::: Data extracts :::
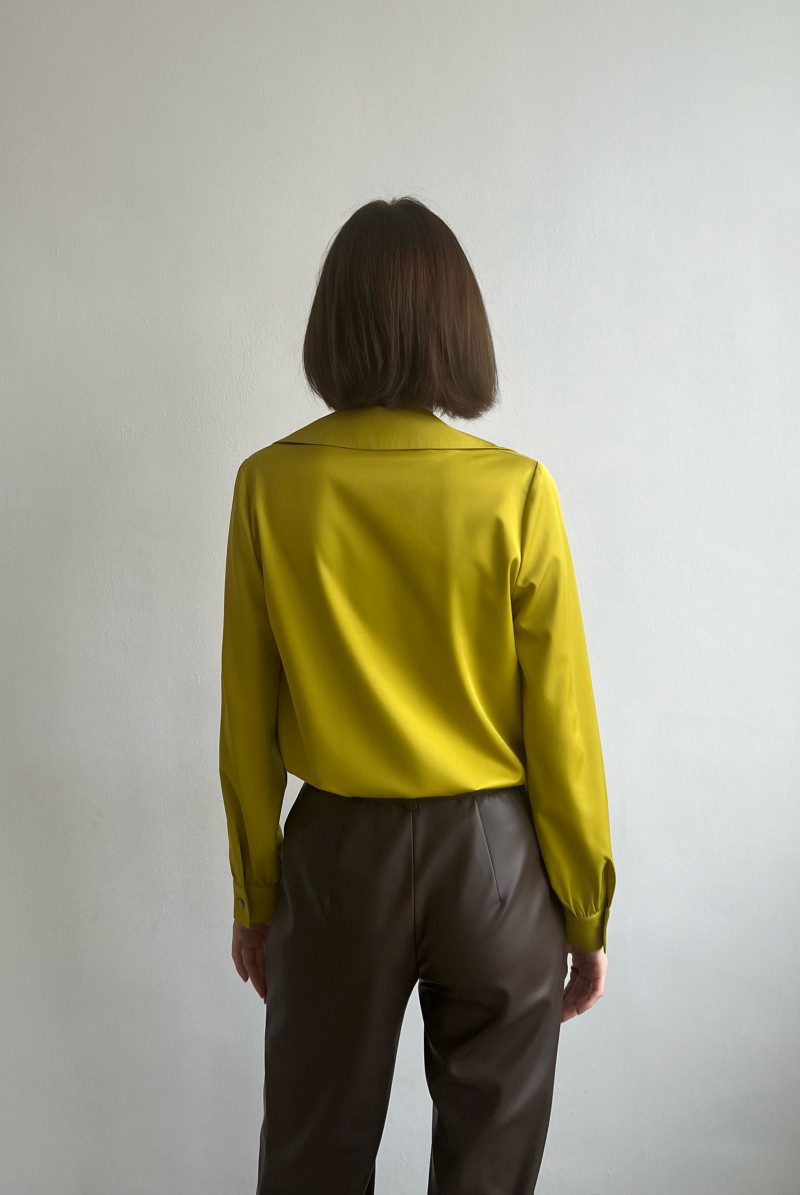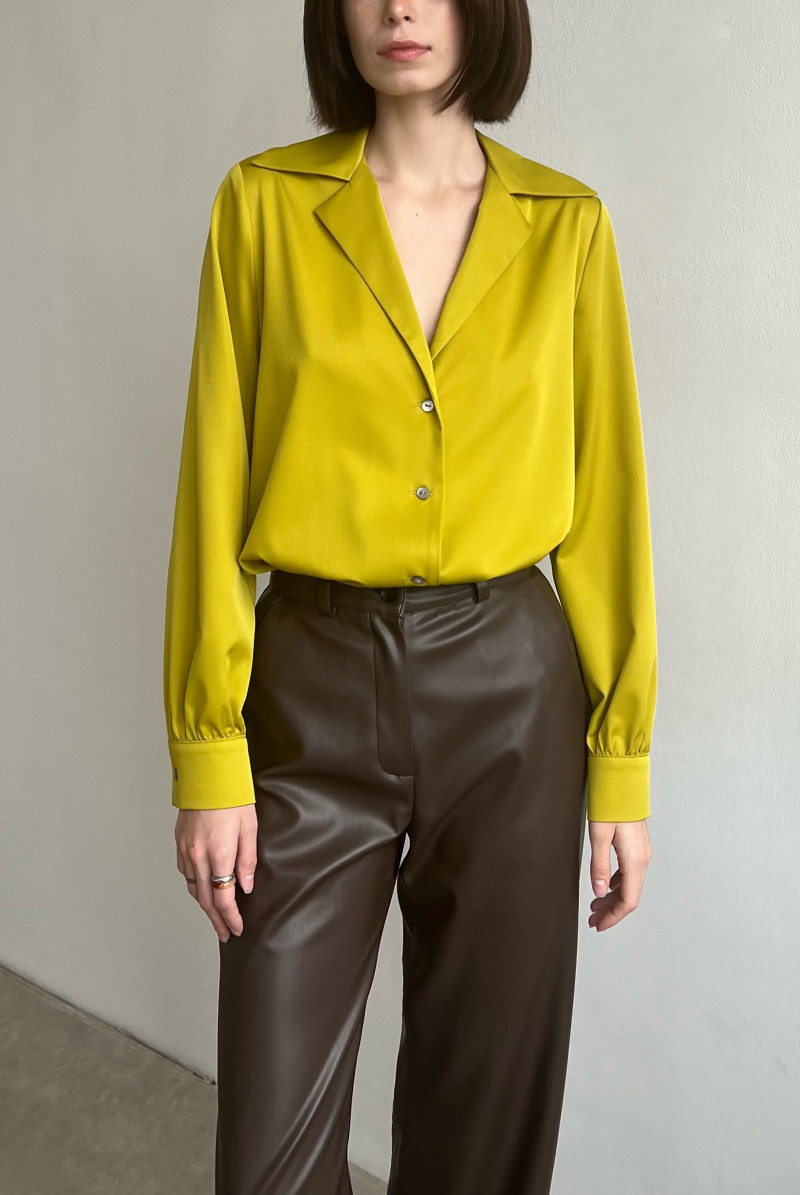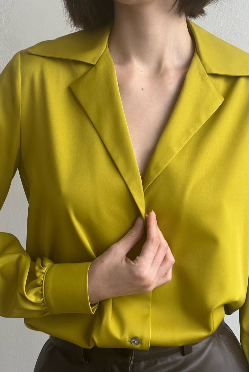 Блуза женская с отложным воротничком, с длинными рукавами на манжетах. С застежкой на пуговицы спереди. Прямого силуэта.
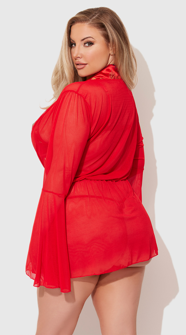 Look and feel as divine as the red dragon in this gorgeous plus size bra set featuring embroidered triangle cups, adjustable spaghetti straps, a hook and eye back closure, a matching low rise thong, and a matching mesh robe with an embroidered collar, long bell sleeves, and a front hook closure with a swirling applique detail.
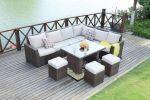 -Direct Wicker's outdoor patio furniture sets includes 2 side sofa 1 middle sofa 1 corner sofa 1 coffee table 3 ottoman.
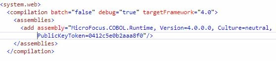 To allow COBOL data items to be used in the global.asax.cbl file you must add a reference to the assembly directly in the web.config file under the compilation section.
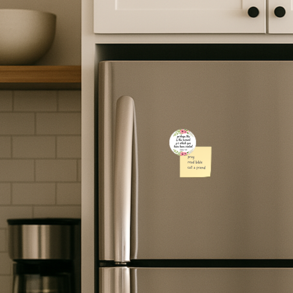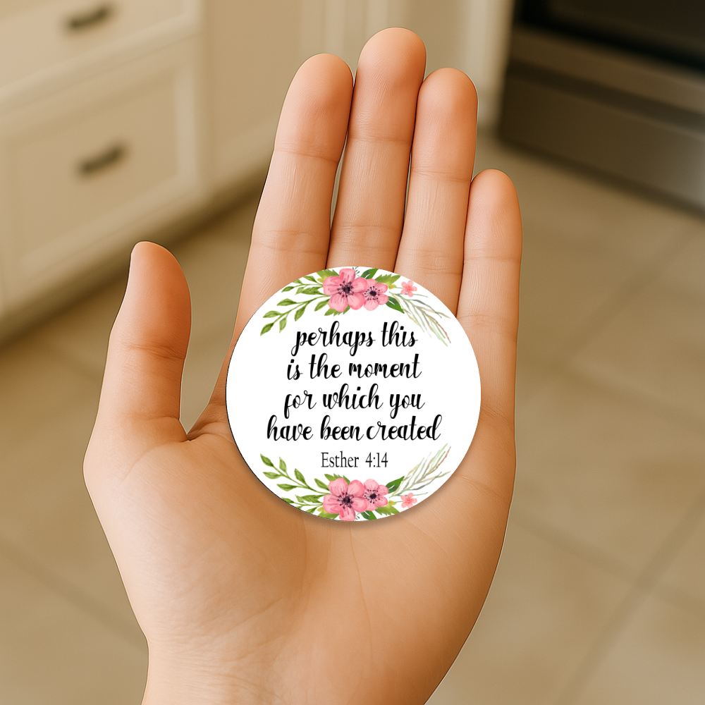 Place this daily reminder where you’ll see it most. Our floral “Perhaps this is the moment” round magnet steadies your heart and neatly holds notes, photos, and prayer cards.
:::
## Task description
Find the line with "-Direct Wicker's outdoor" and the line with "To allow COBOL" in the records above. Copy both and all lines between them exactly, without pictures.

## Exercise answer
 -Direct Wicker's outdoor patio furniture sets includes 2 side sofa 1 middle sofa 1 corner sofa 1 coffee table 3 ottoman.
 To allow COBOL data items to be used in the global.asax.cbl file you must add a reference to the assembly directly in the web.config file under the compilation section.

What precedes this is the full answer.